## Problem requirements
Pictures must not appear in the copy. Restate exactly the lines below from the one with "Купить Детская футболка" through the one with "Παλμός του Άνω", inclusive.

## Supplied data
╭──
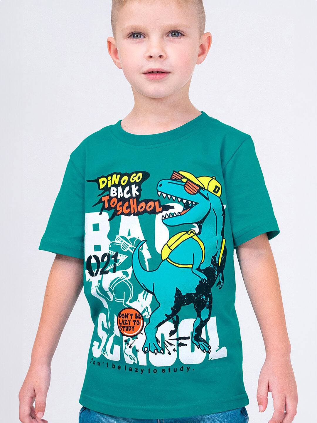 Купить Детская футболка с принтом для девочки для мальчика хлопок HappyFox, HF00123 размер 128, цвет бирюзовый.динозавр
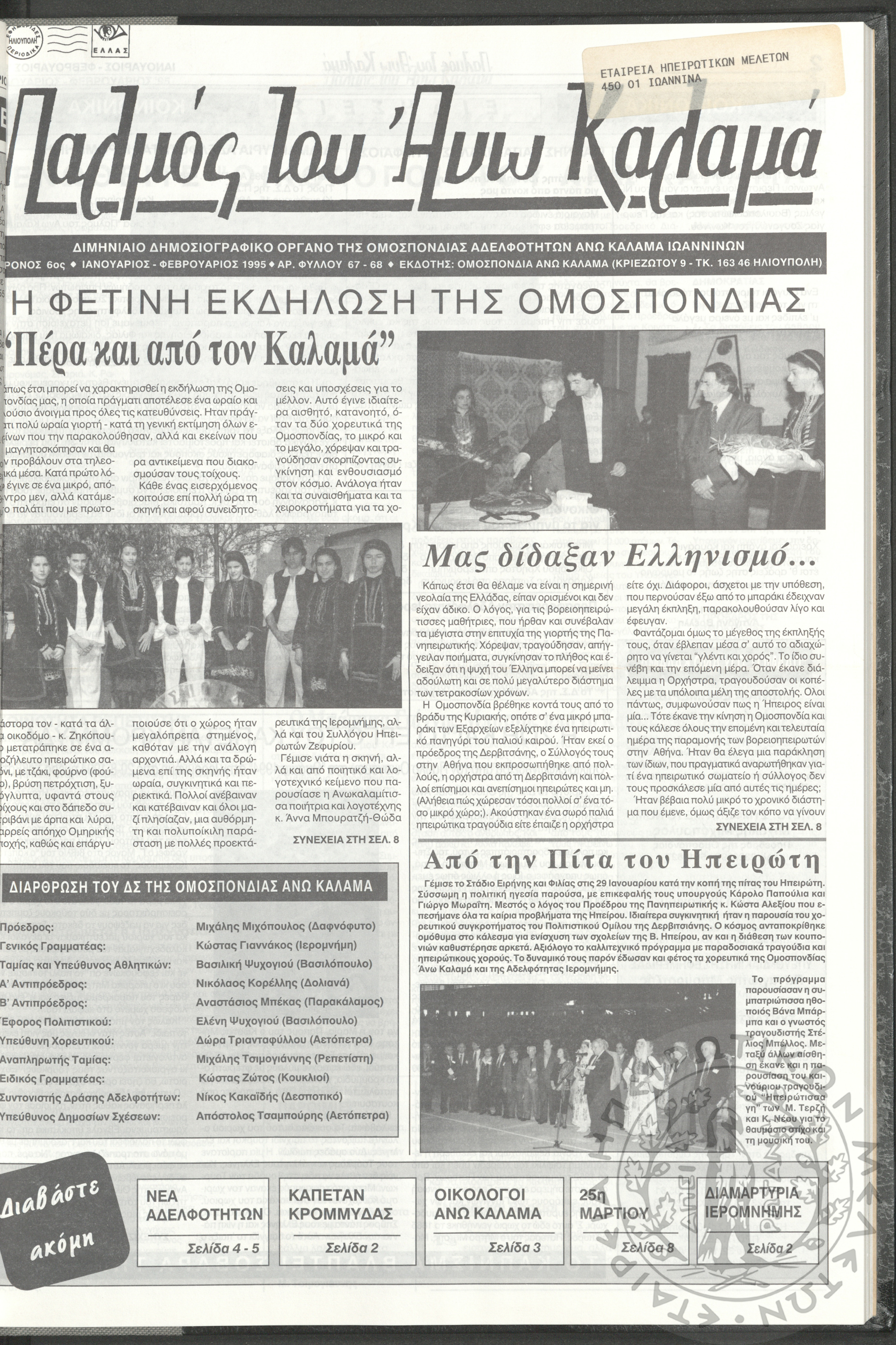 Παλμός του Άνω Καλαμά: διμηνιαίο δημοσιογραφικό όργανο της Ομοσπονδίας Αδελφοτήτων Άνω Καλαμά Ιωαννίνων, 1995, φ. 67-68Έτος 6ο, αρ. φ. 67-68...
╰──
╭──
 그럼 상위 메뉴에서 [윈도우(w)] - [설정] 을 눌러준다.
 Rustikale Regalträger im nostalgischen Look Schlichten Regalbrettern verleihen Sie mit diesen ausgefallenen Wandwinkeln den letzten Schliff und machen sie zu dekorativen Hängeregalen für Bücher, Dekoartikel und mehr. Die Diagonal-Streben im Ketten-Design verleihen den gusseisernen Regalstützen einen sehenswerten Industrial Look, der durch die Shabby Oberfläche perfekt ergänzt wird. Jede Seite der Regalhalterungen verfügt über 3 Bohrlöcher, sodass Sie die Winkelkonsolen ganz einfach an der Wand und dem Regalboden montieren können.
╰──
## Response area
 Купить Детская футболка с принтом для девочки для мальчика хлопок HappyFox, HF00123 размер 128, цвет бирюзовый.динозавр
 Παλμός του Άνω Καλαμά: διμηνιαίο δημοσιογραφικό όργανο της Ομοσπονδίας Αδελφοτήτων Άνω Καλαμά Ιωαννίνων, 1995, φ. 67-68Έτος 6ο, αρ. φ. 67-68...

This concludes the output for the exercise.